===== EXERCISE DATA

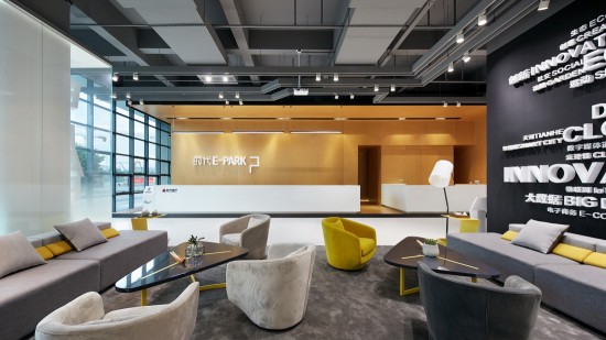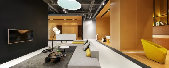淡洽區(qū)以簡約的明黃色為主調,沙發(fā)則走高級灰路線,項目名稱醒目地打在明黃色的墻上,logo的筆觸設計強勁而有力。
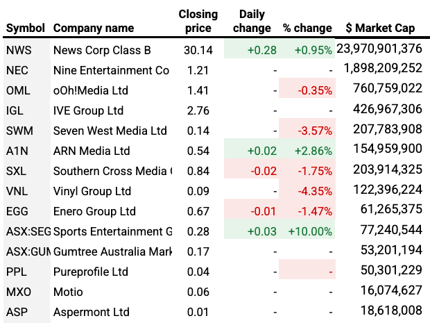 It was also a negative day for Seven West Media (down 3.6%), Ooh Media (down 0.4%) and Enero (down 1.5%).
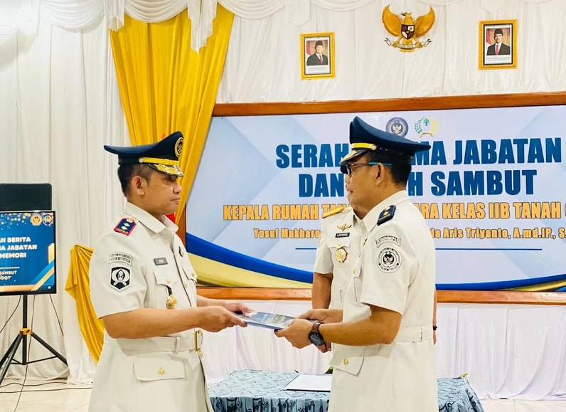 Tana Paser - Jabatan Kepala Rumah Tahanan (Rutan) Kelas IIB Tanah Grogot berganti, yang semula Yusuf Mukharom kini diganti Aris Triyanto melalui Serah Terima Jabatan (Sertijab).
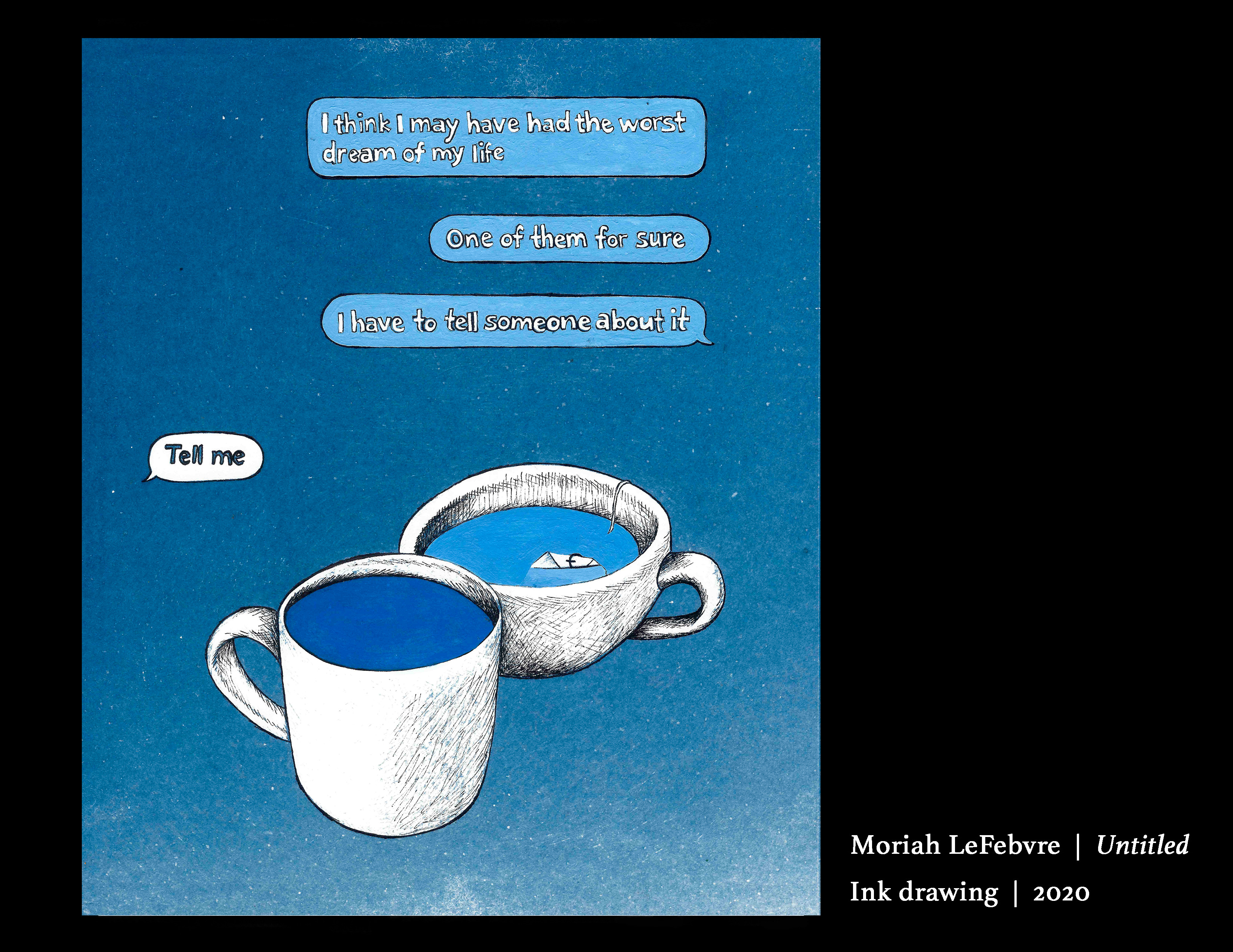 A pen drawing on a blue, cyanotype-printed background. At the bottom center are two mugs, one a standard, coffee mug shape and the other rounder and wider. The coffee mug is white and filled with a deep blue color while the round mug is white and filled with a lighter blue color, a tea bag floating within it. Above the mugs are text messages, beginning on the right side, reading "I think I may have had the worst dream of my life", "One of them for sure", and "I have to tell someone about it", the messages falling beneath the first one with blue text bubbles and white bubble lettering outlined in black. To the left is the single message "Tell me" in a white text bubble and blue bubble lettering outlined in black. Next to the piece on the right is the name and the words "Moriah LeFebvre", "Untitled", "Ink drawing", and "2020".
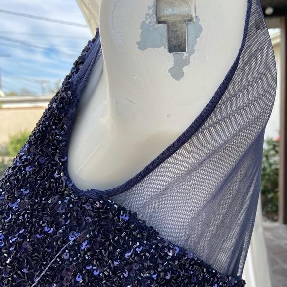 Parker Navy heavily beaded and sequined mini dress with mesh cut-outs. Great condition. No visible flaws. Gorgeous navy color. Super sexy! Fully lined in the sequin areas.. Approx Dimensions 36" long, 14" armpit to armpit.
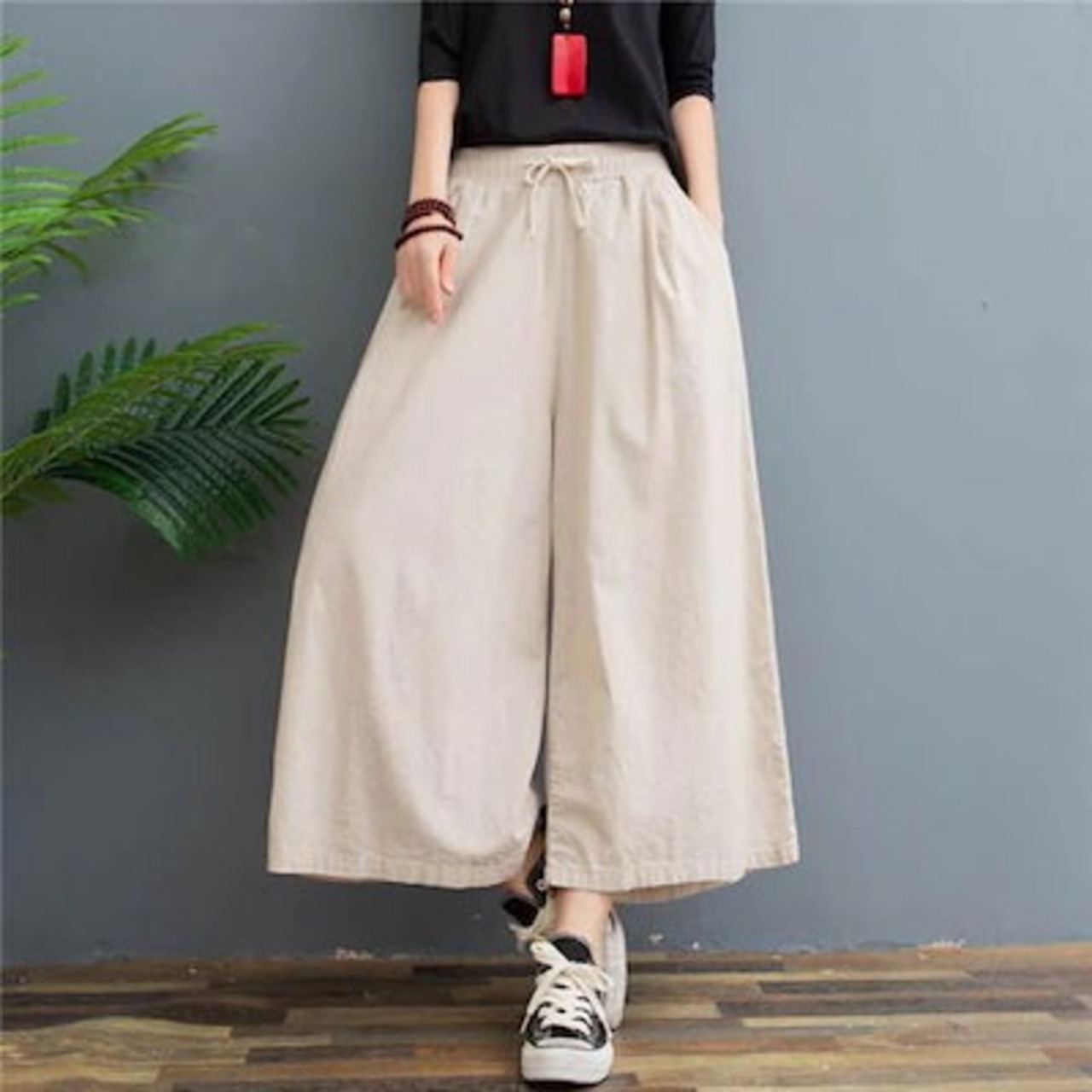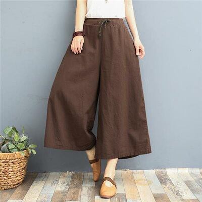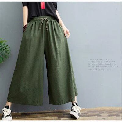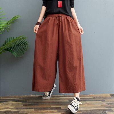 パンツ スカーチョ ワイドパンツ ガウチョ スカンツ レディース 綿麻 体型カバー ハイウエスト ン ポケット付き
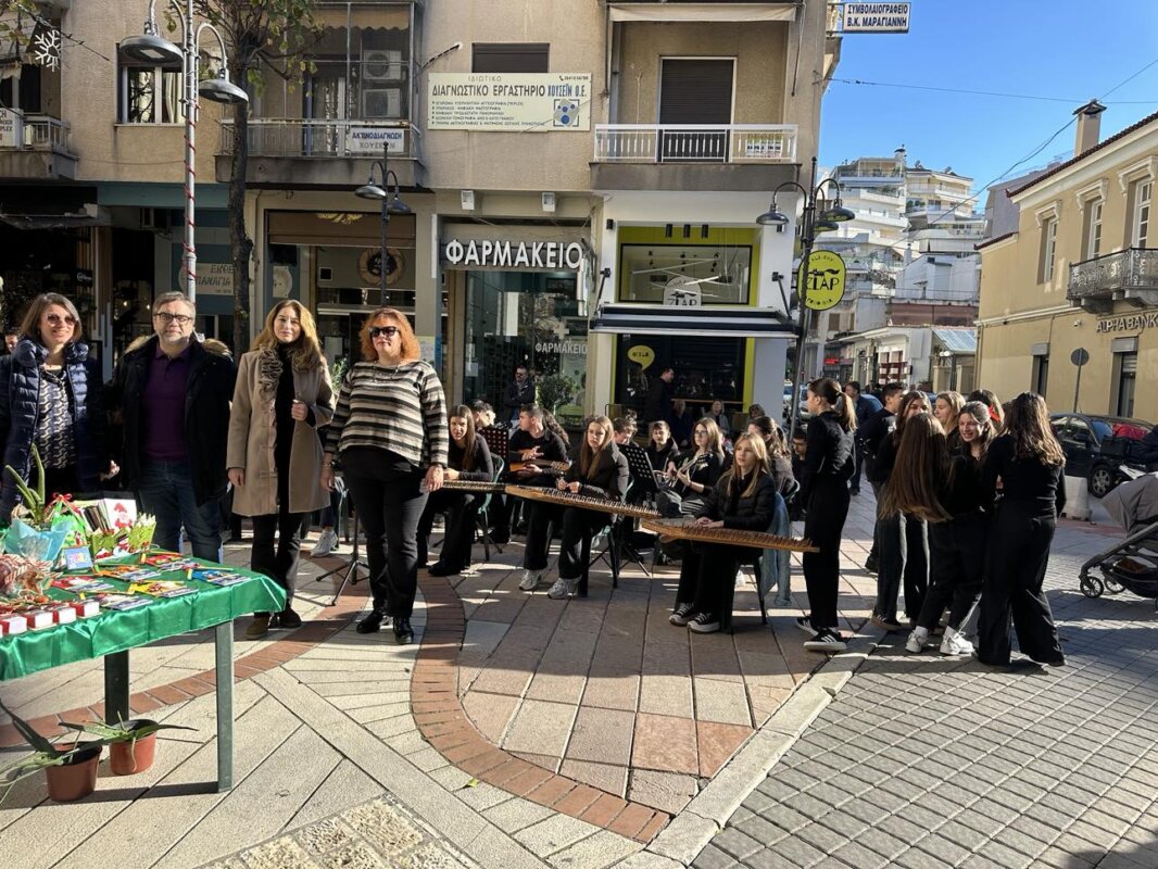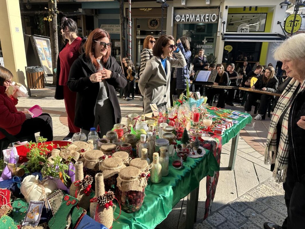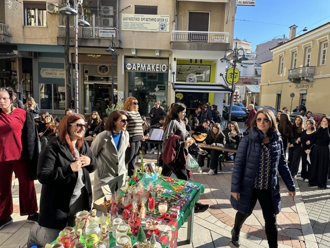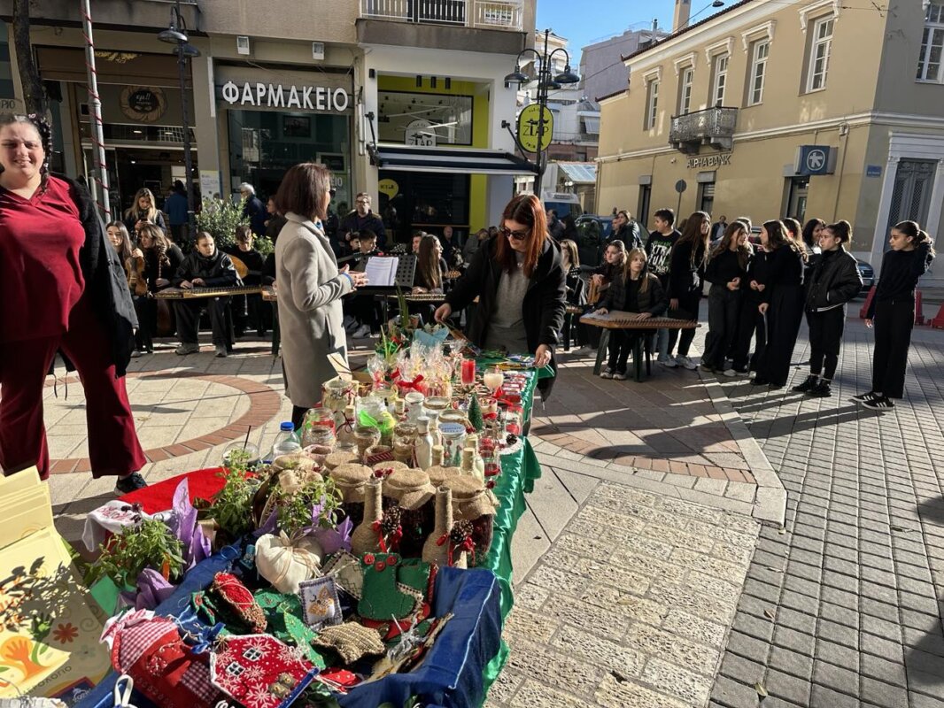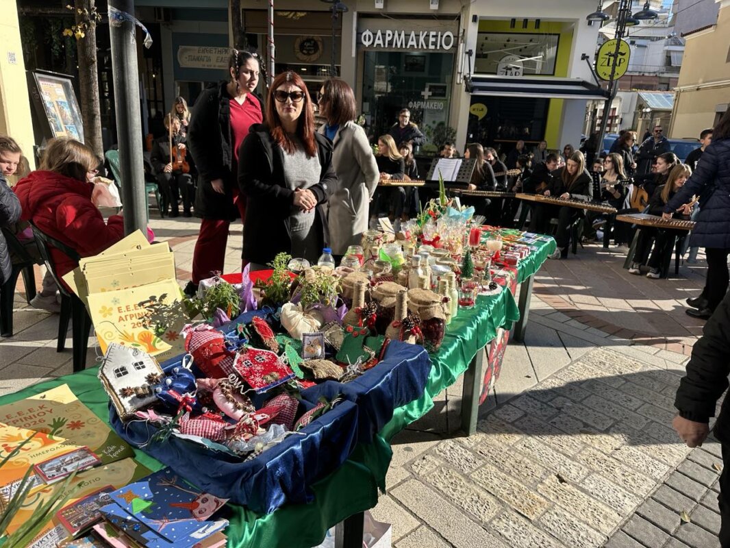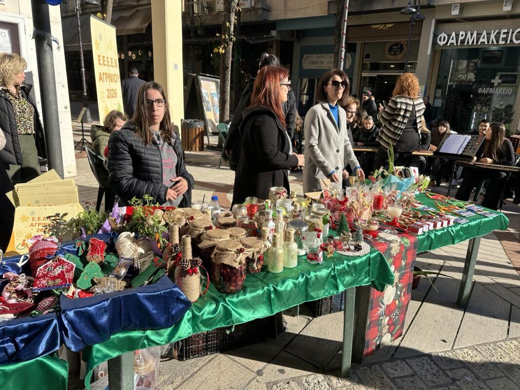 Το Ε.Ε.Ε.Ε.Κ. Αγρινίου σε συνεργασία με το Μουσικό Σχολείο παρουσίασαν εορταστικές μελωδίες στον Δήμαρχο ενώ λειτουργεί και διήμερο Bazaar κάτω από το Δημαρχείο.
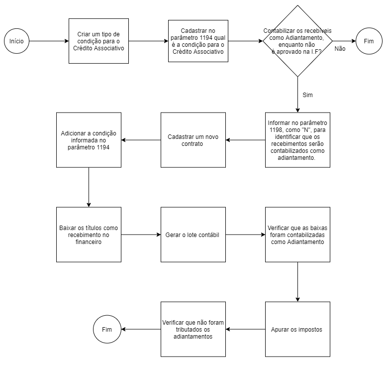 Os recebimentos de todos os contratos do tipo Crédito Associativo serão reconhecidos na Contabilidade como Adiantamento até que ele receba o código do contrato com a I.F..
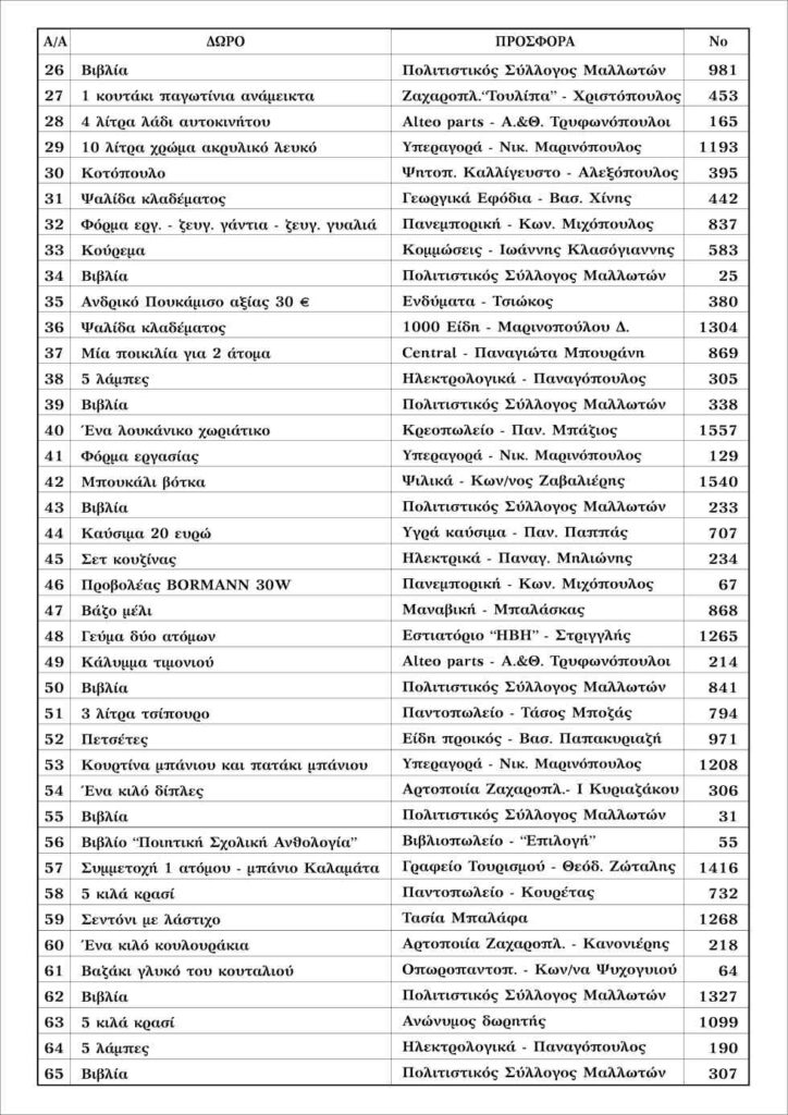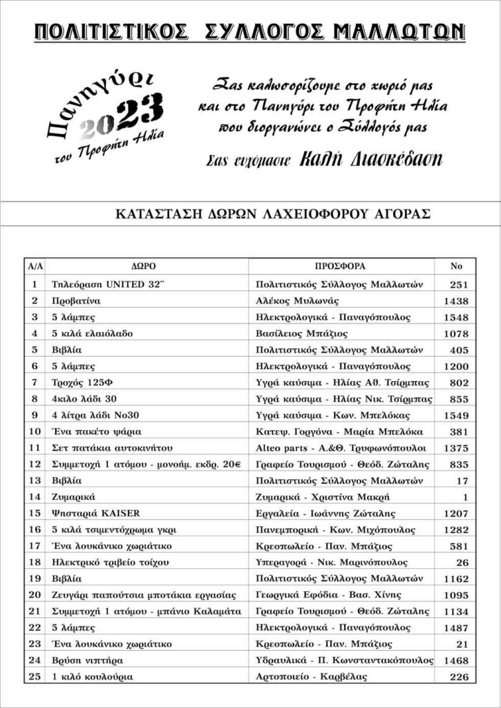 Κατάσταση δώρων λαχειοφόρου αγοράς του Συλλόγου Μαλλωτών στο Πανηγύρι του Προφήτη Ηλία στις 20 Ιουλίου 2023

==========

Nothing but the lines from the one that contains "Parker Navy heavily" through the last line of the material should be written out, exactly. Omit pictures.

### ANSWER AREA
 Parker Navy heavily beaded and sequined mini dress with mesh cut-outs. Great condition. No visible flaws. Gorgeous navy color. Super sexy! Fully lined in the sequin areas.. Approx Dimensions 36" long, 14" armpit to armpit.
 パンツ スカーチョ ワイドパンツ ガウチョ スカンツ レディース 綿麻 体型カバー ハイウエスト ン ポケット付き
 Το Ε.Ε.Ε.Ε.Κ. Αγρινίου σε συνεργασία με το Μουσικό Σχολείο παρουσίασαν εορταστικές μελωδίες στον Δήμαρχο ενώ λειτουργεί και διήμερο Bazaar κάτω από το Δημαρχείο.
 Os recebimentos de todos os contratos do tipo Crédito Associativo serão reconhecidos na Contabilidade como Adiantamento até que ele receba o código do contrato com a I.F..
 Κατάσταση δώρων λαχειοφόρου αγοράς του Συλλόγου Μαλλωτών στο Πανηγύρι του Προφήτη Ηλία στις 20 Ιουλίου 2023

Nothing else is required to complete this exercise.